(Saved entries)
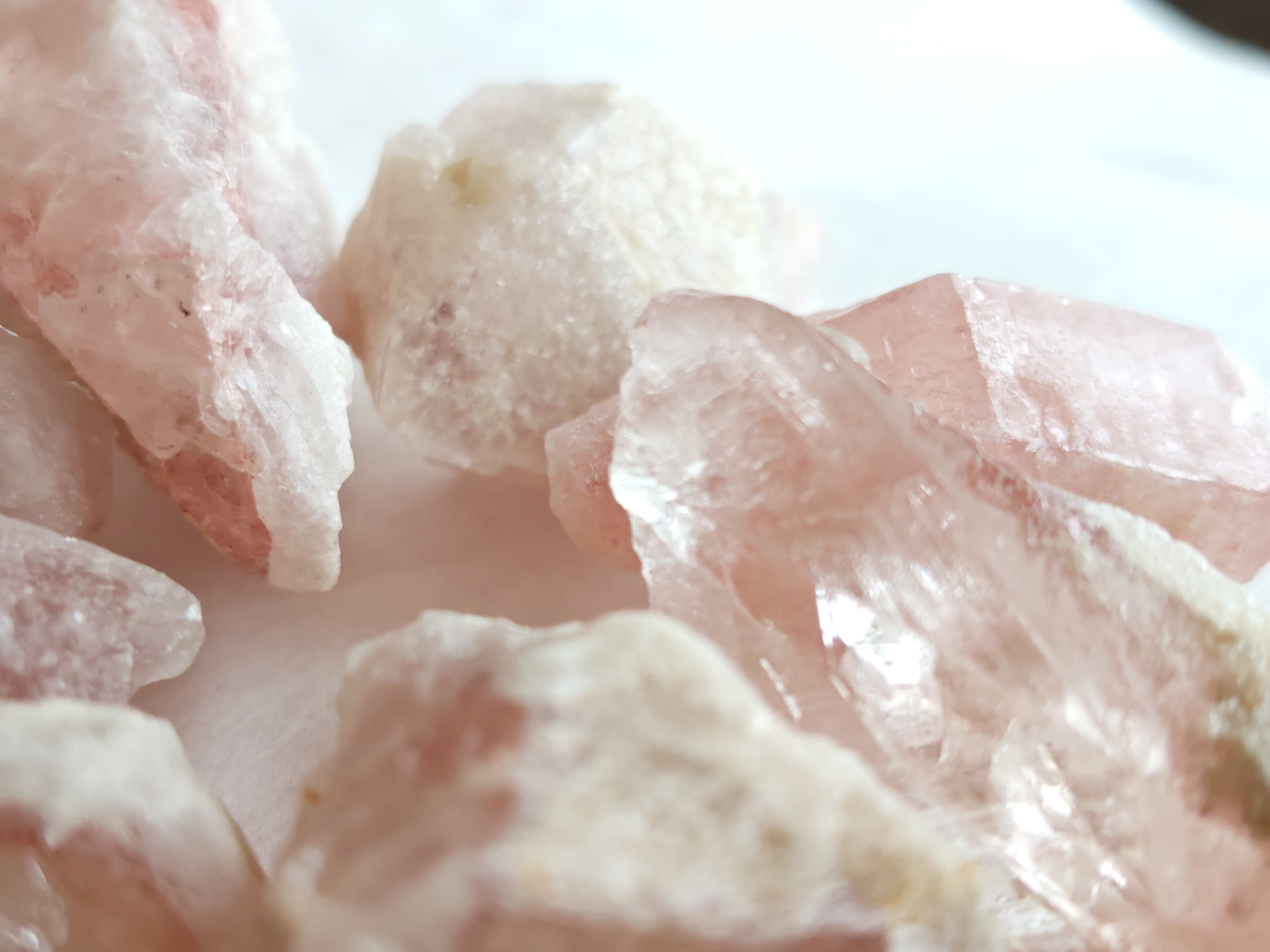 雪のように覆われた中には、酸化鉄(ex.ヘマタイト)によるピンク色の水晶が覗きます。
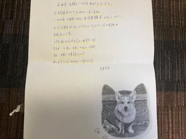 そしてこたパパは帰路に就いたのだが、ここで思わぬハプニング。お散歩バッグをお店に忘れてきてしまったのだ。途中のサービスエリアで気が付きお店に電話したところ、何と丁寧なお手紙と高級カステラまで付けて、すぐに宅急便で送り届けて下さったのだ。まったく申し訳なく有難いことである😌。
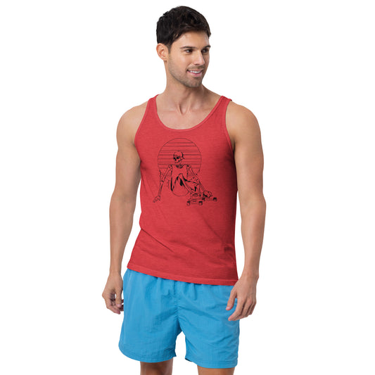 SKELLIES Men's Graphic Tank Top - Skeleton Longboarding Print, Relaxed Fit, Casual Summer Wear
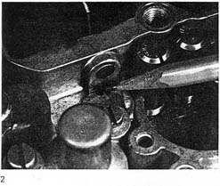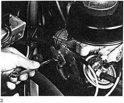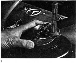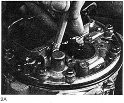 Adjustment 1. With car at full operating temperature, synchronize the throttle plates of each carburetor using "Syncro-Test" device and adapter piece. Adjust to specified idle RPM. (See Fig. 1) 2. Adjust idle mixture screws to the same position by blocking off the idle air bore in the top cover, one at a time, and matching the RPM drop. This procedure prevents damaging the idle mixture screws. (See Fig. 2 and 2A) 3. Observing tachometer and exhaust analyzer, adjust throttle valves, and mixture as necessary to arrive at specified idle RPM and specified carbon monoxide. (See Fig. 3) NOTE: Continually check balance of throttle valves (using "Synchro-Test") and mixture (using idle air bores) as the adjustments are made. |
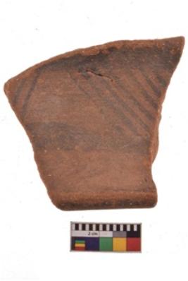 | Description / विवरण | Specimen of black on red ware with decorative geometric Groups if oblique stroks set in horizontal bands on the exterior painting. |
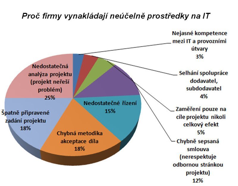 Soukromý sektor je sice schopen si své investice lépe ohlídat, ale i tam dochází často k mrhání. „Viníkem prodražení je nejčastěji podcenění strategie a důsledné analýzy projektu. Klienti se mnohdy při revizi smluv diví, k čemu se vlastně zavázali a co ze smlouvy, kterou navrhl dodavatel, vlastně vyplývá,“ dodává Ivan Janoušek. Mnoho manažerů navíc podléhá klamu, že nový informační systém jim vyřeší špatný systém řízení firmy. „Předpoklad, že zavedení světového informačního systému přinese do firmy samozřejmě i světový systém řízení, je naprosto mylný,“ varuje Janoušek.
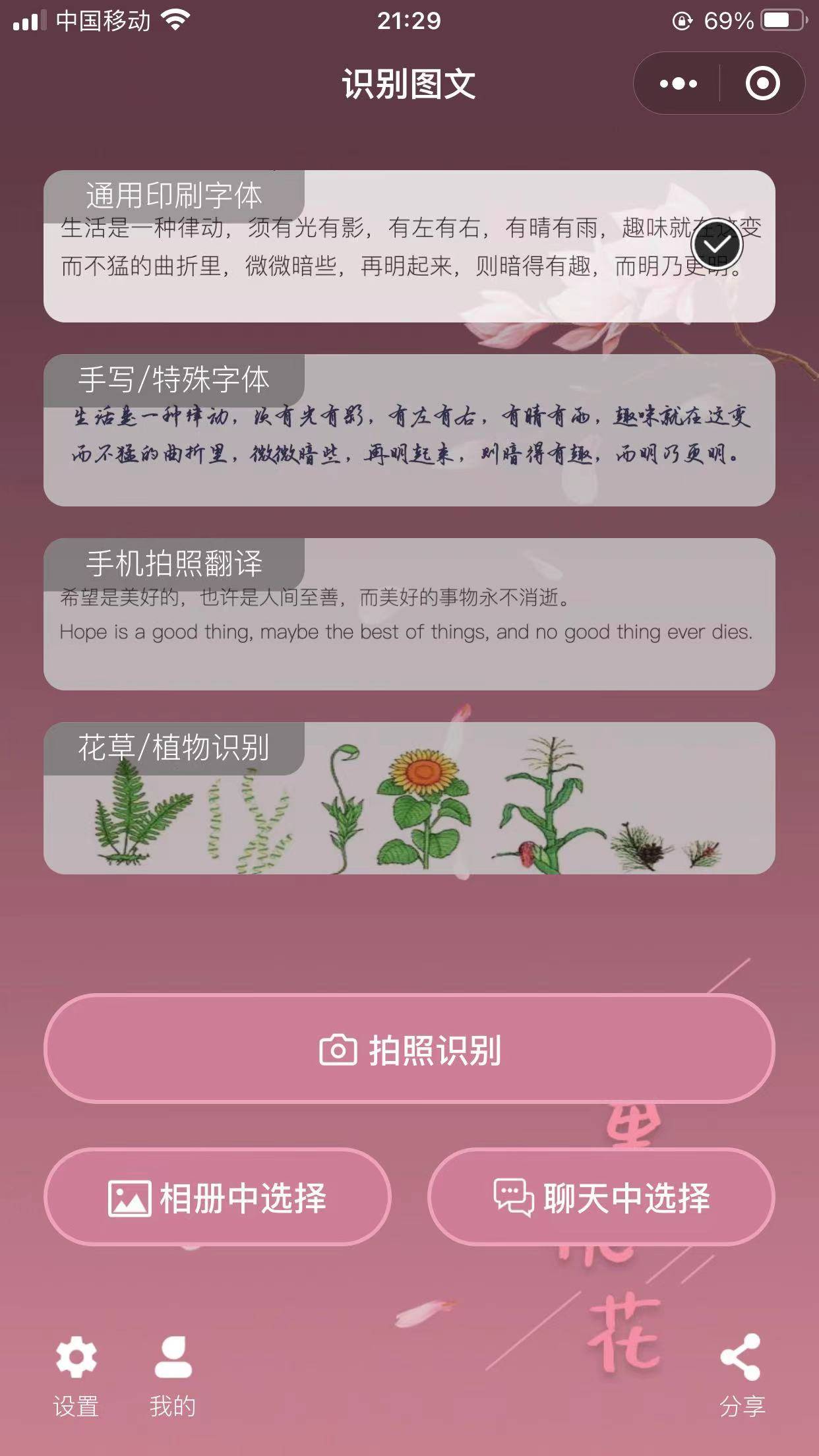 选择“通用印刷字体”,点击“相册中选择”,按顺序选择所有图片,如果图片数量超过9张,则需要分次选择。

* What the task asks
Return, exactly as they appear, the lines from the line containing "SKELLIES Men's Graphic" through the end of the records above, both ends included, without pictures.

* Answer box
 SKELLIES Men's Graphic Tank Top - Skeleton Longboarding Print, Relaxed Fit, Casual Summer Wear
 Adjustment 1. With car at full operating temperature, synchronize the throttle plates of each carburetor using "Syncro-Test" device and adapter piece. Adjust to specified idle RPM. (See Fig. 1) 2. Adjust idle mixture screws to the same position by blocking off the idle air bore in the top cover, one at a time, and matching the RPM drop. This procedure prevents damaging the idle mixture screws. (See Fig. 2 and 2A) 3. Observing tachometer and exhaust analyzer, adjust throttle valves, and mixture as necessary to arrive at specified idle RPM and specified carbon monoxide. (See Fig. 3) NOTE: Continually check balance of throttle valves (using "Synchro-Test") and mixture (using idle air bores) as the adjustments are made. |
 | Description / विवरण | Specimen of black on red ware with decorative geometric Groups if oblique stroks set in horizontal bands on the exterior painting. |
 Soukromý sektor je sice schopen si své investice lépe ohlídat, ale i tam dochází často k mrhání. „Viníkem prodražení je nejčastěji podcenění strategie a důsledné analýzy projektu. Klienti se mnohdy při revizi smluv diví, k čemu se vlastně zavázali a co ze smlouvy, kterou navrhl dodavatel, vlastně vyplývá,“ dodává Ivan Janoušek. Mnoho manažerů navíc podléhá klamu, že nový informační systém jim vyřeší špatný systém řízení firmy. „Předpoklad, že zavedení světového informačního systému přinese do firmy samozřejmě i světový systém řízení, je naprosto mylný,“ varuje Janoušek.
 选择“通用印刷字体”,点击“相册中选择”,按顺序选择所有图片,如果图片数量超过9张,则需要分次选择。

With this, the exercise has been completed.